* TASK OBJECTIVE: Would you copy the lines below exactly and omit the images?

* COLLECTED MATERIAL:
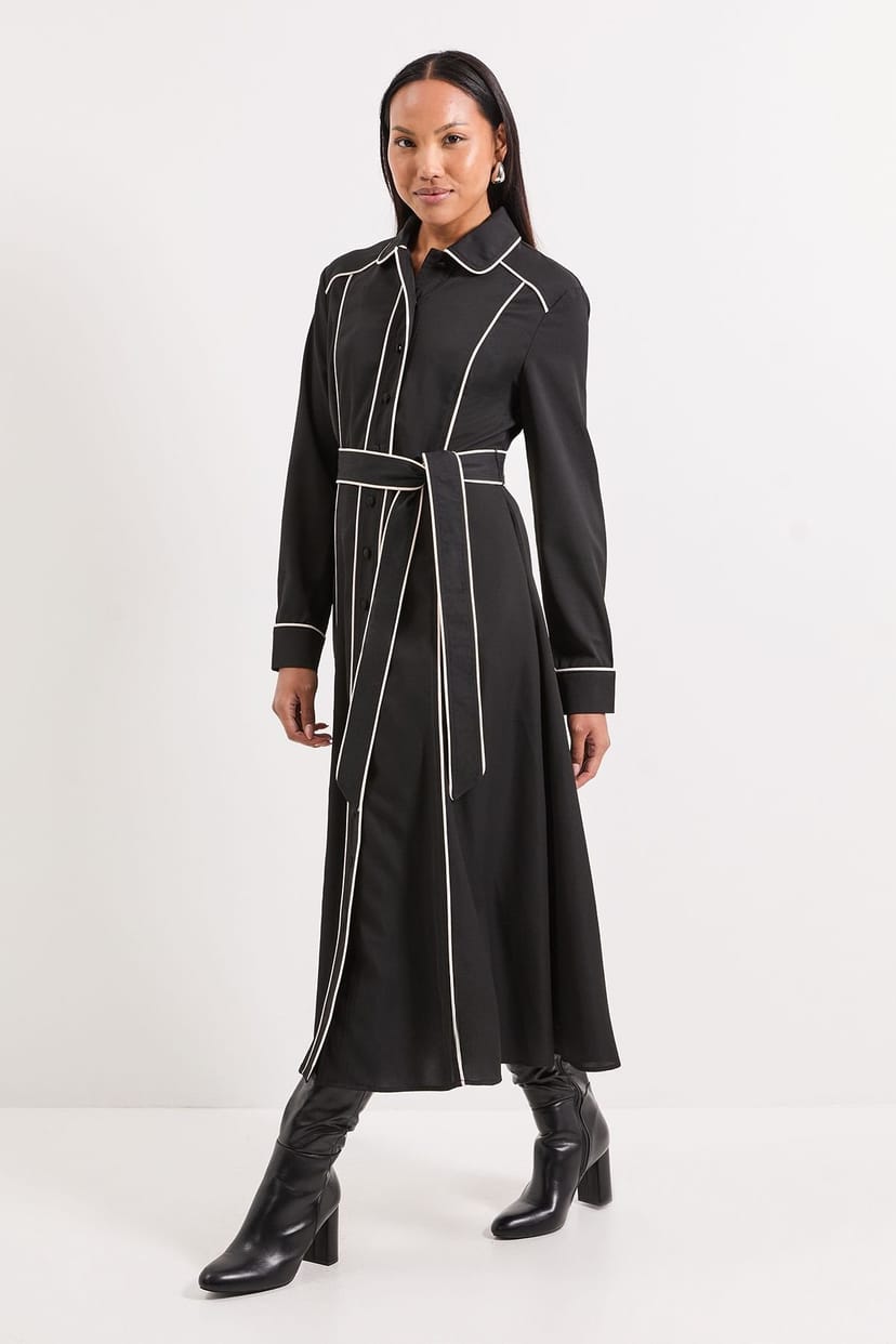This black crepe midi dress features contrast piping details for a contemporary twist. The classic collared neckline adds a sophisticated touch, while the belted waist creates a flattering silhouette. Long sleeves with contrast cuff detailing provide elegant coverage.
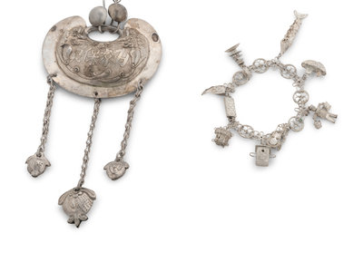 comprising two small charm bracelets, one charm necklace and one necklace suspending a ruyi lock-form pendant.
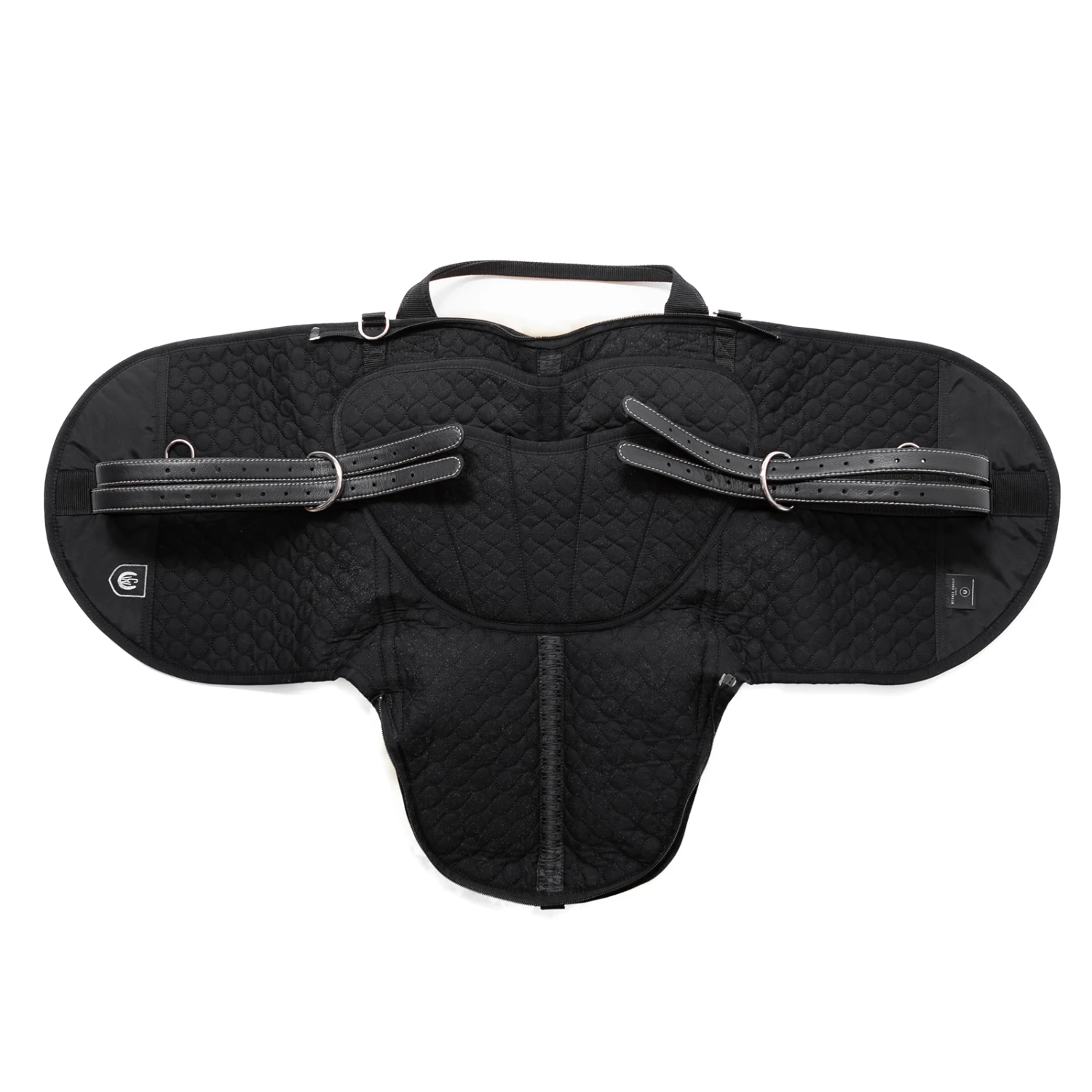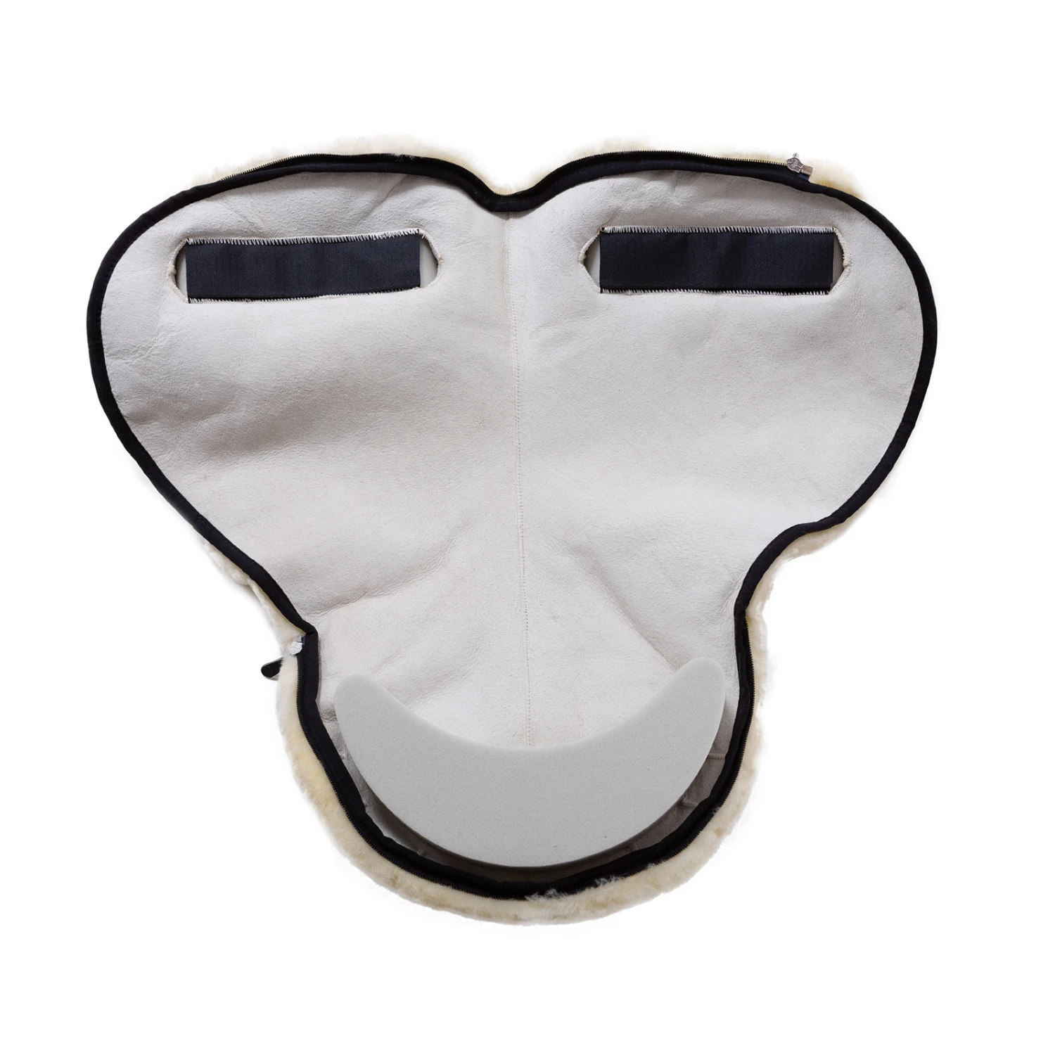 Die Sitzfläche ist komplett aus Lammfell mit einer Wollhöhe von ca. 20mm gefertigt, die Unterseite nur im Rückenbereich. Seitliche Fellpauschen bieten zusätzlichen Halt. Unter dem durch einen Reißverschluß abnehmbaren Sitzfell besteht die Möglichkeit ein spezielles Kopfeisen in eine Tasche einzuschieben. Die am Kopfeisen befestigten Sturzfedern erlauben das Aufsteigen über Steigbügel. Herausnehmbare Polster links und rechts vom Wirbelkanal erhöhen den Sitzkomfort und schonen den Pferderücken. Warmblut- und Ponygrößen werden unter der Artikelnummer 14483 verkauft.
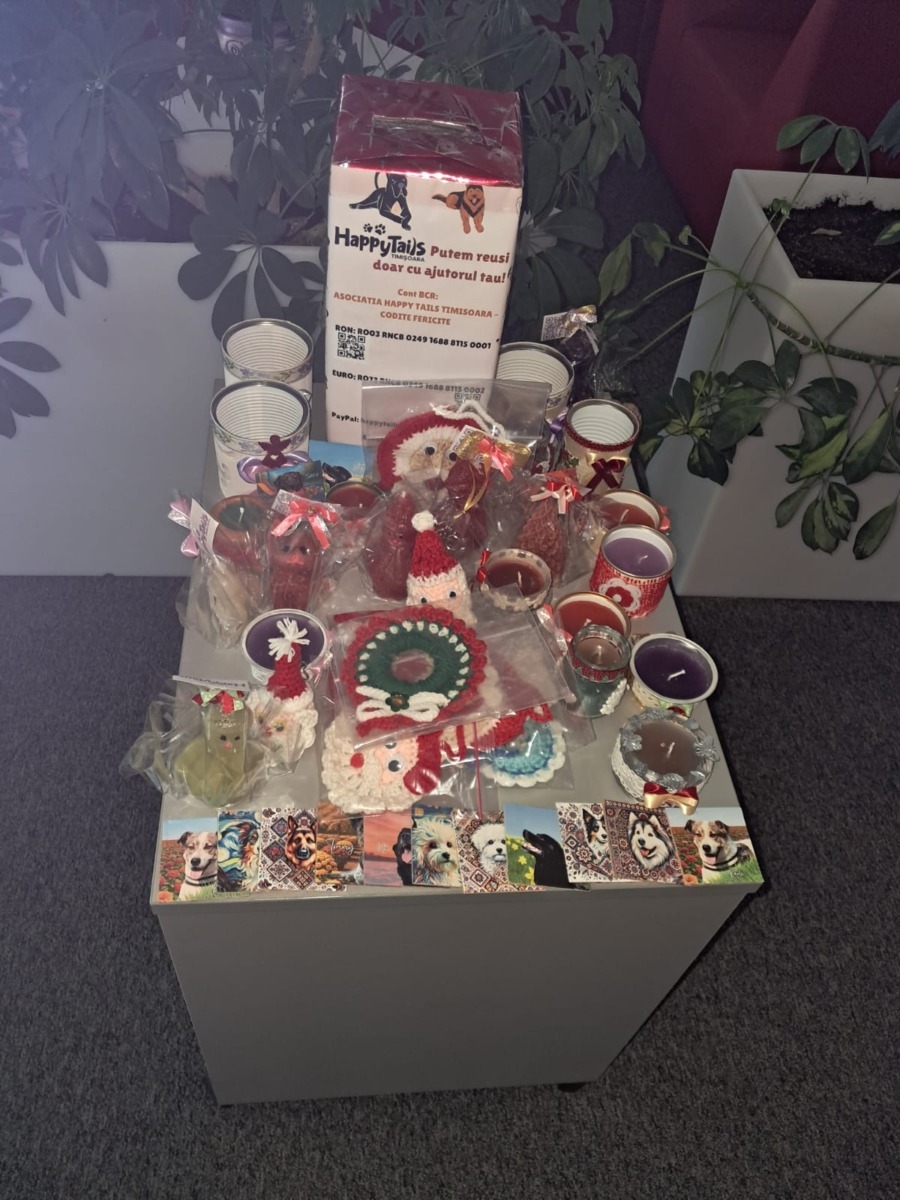 „Nu o să facem târguri de adopție în decembrie, pentru că nu vrem ca aceste suflete să fie cadouri de Crăciun. O să facem târguri de strângeri de fonduri, cum facem în fiecare an. Ne primesc două multinaționale în clădirile lor, la târgurile lor pentru angajați. La târguri oferim produse handmade, create de voluntarii noștri, precum și calendare cu imagini ale cățeilor din adăpost. Târgurile vor fi la începutul lunii decembrie la Continental Automotive și în clădirile Vox. Contra unei donații, oamenii își vor lua un calendar (care pleacă de la 20 de lei), sau un produs creat din materiale biodegradabile, reciclabile, inclusiv din conservele cățeilor, facem diverse suporturi. Un târg de adopție pregătim din nou în februarie, cu ocazia Valentine’s Day”, ne-a mai spus fondatoarea Asociației Happy Tails Timișoara.

* ANSWER BELOW:
This black crepe midi dress features contrast piping details for a contemporary twist. The classic collared neckline adds a sophisticated touch, while the belted waist creates a flattering silhouette. Long sleeves with contrast cuff detailing provide elegant coverage.
 comprising two small charm bracelets, one charm necklace and one necklace suspending a ruyi lock-form pendant.
 Die Sitzfläche ist komplett aus Lammfell mit einer Wollhöhe von ca. 20mm gefertigt, die Unterseite nur im Rückenbereich. Seitliche Fellpauschen bieten zusätzlichen Halt. Unter dem durch einen Reißverschluß abnehmbaren Sitzfell besteht die Möglichkeit ein spezielles Kopfeisen in eine Tasche einzuschieben. Die am Kopfeisen befestigten Sturzfedern erlauben das Aufsteigen über Steigbügel. Herausnehmbare Polster links und rechts vom Wirbelkanal erhöhen den Sitzkomfort und schonen den Pferderücken. Warmblut- und Ponygrößen werden unter der Artikelnummer 14483 verkauft.
 „Nu o să facem târguri de adopție în decembrie, pentru că nu vrem ca aceste suflete să fie cadouri de Crăciun. O să facem târguri de strângeri de fonduri, cum facem în fiecare an. Ne primesc două multinaționale în clădirile lor, la târgurile lor pentru angajați. La târguri oferim produse handmade, create de voluntarii noștri, precum și calendare cu imagini ale cățeilor din adăpost. Târgurile vor fi la începutul lunii decembrie la Continental Automotive și în clădirile Vox. Contra unei donații, oamenii își vor lua un calendar (care pleacă de la 20 de lei), sau un produs creat din materiale biodegradabile, reciclabile, inclusiv din conservele cățeilor, facem diverse suporturi. Un târg de adopție pregătim din nou în februarie, cu ocazia Valentine’s Day”, ne-a mai spus fondatoarea Asociației Happy Tails Timișoara.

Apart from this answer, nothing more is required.